** Records supplied follows **

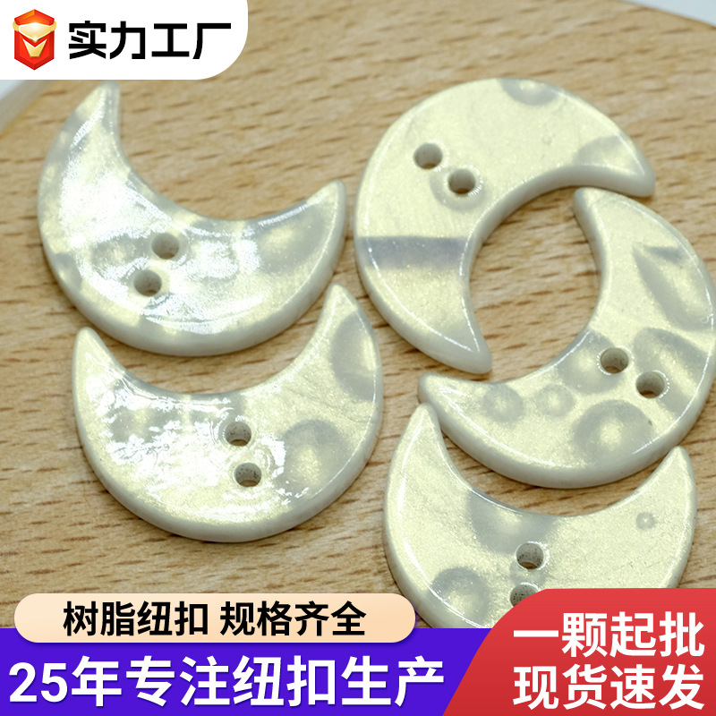 珠光两眼月亮钮扣白色仿贝壳月牙形带孔纽扣服装装饰钮扣厂家直销
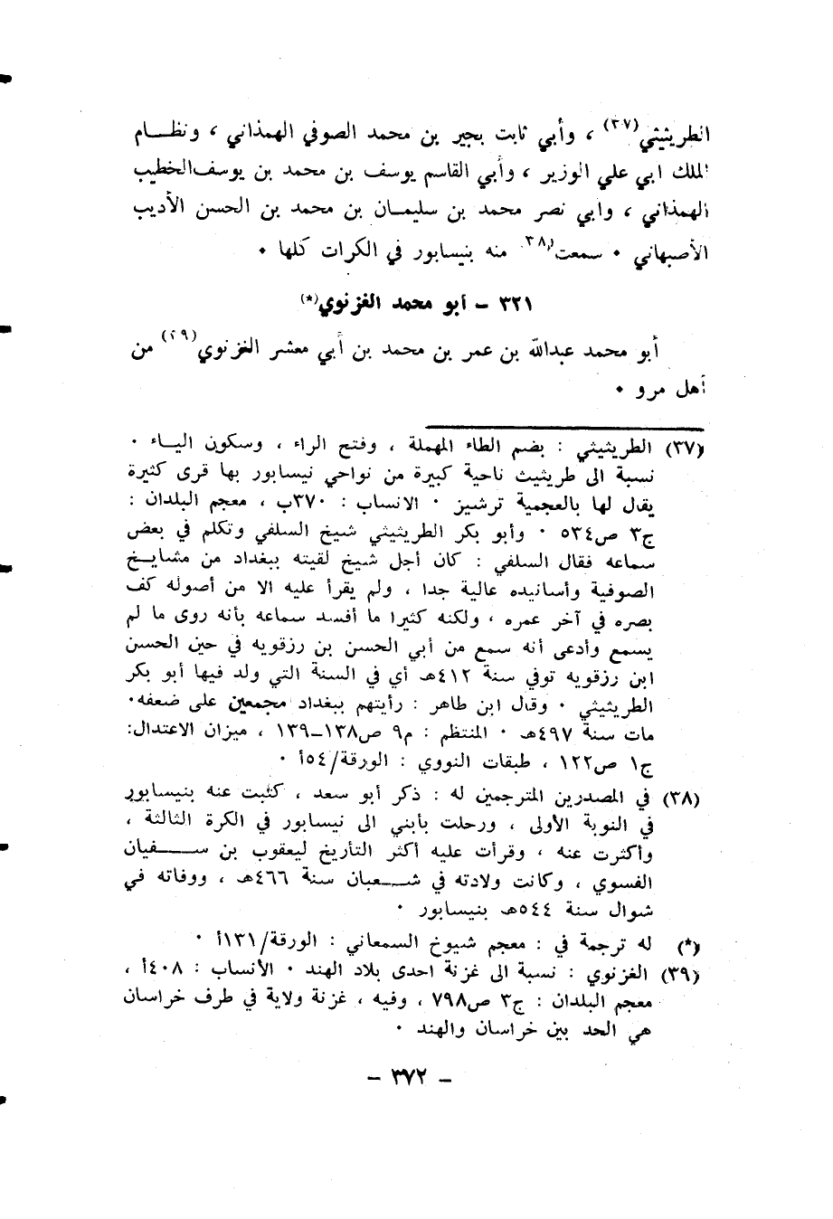 في ترجمة عتيق وهو من أهل سرخس. شيخ مشهور كبير السن. سمع السيد أبا الحسن محمد بن محمد الحسني الحافظ. سمعت منه شيئاً، وكانت ولادته في سنة إحدى وخمسين وأربعمئة بسرخس وتوفي بها غرة ذي القعدة سنة أربعين وخمسمئة.
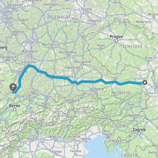 Prendre à droite et rejoindre A36 E54. Continuer sur 650 mètres
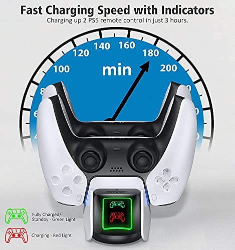 Safe & Reliable: The Charging station benefit from an intteligent protective chip, designed to prevent to over-current, over-heat,over-voltage, short-circuit as a precaution. Never over charge your PS5 controllers.
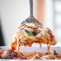 - Cover the zucchini with the marinara sauce. Top with the mozzarella cheese. Bake for 20 to 25 minutes, until golden and bubbly. You can broil that last minute for more bubbliness! Remove it from the oven and top with extra fresh parm and the fresh herbs. Serve immediately, just remember – it’s hot!
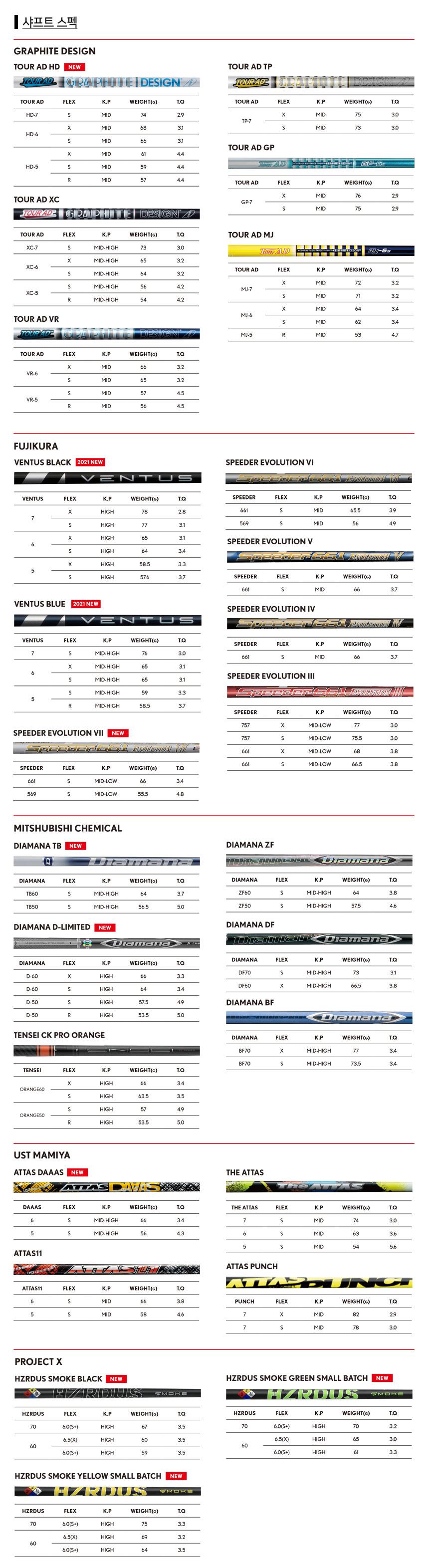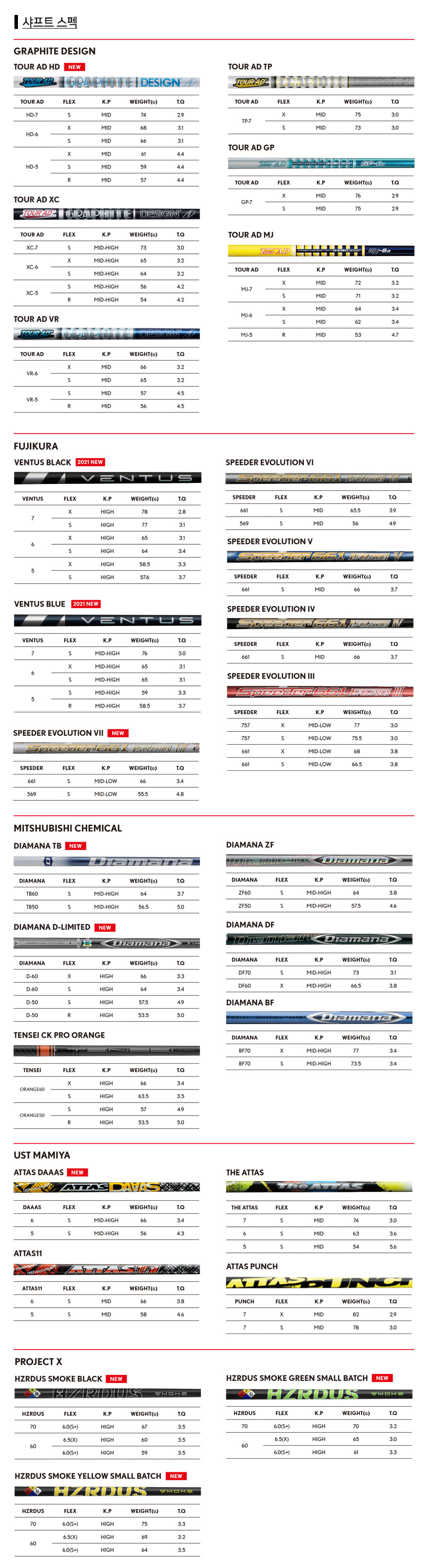 선배님들 샤프트 스펙 확인해보기 편하시라고 올려봅니다.

** End of Records supplied **

All the records need to be printed again exactly as written, though without their pictures.

 珠光两眼月亮钮扣白色仿贝壳月牙形带孔纽扣服装装饰钮扣厂家直销
 في ترجمة عتيق وهو من أهل سرخس. شيخ مشهور كبير السن. سمع السيد أبا الحسن محمد بن محمد الحسني الحافظ. سمعت منه شيئاً، وكانت ولادته في سنة إحدى وخمسين وأربعمئة بسرخس وتوفي بها غرة ذي القعدة سنة أربعين وخمسمئة.
 Prendre à droite et rejoindre A36 E54. Continuer sur 650 mètres
 Safe & Reliable: The Charging station benefit from an intteligent protective chip, designed to prevent to over-current, over-heat,over-voltage, short-circuit as a precaution. Never over charge your PS5 controllers.
 - Cover the zucchini with the marinara sauce. Top with the mozzarella cheese. Bake for 20 to 25 minutes, until golden and bubbly. You can broil that last minute for more bubbliness! Remove it from the oven and top with extra fresh parm and the fresh herbs. Serve immediately, just remember – it’s hot!
 선배님들 샤프트 스펙 확인해보기 편하시라고 올려봅니다.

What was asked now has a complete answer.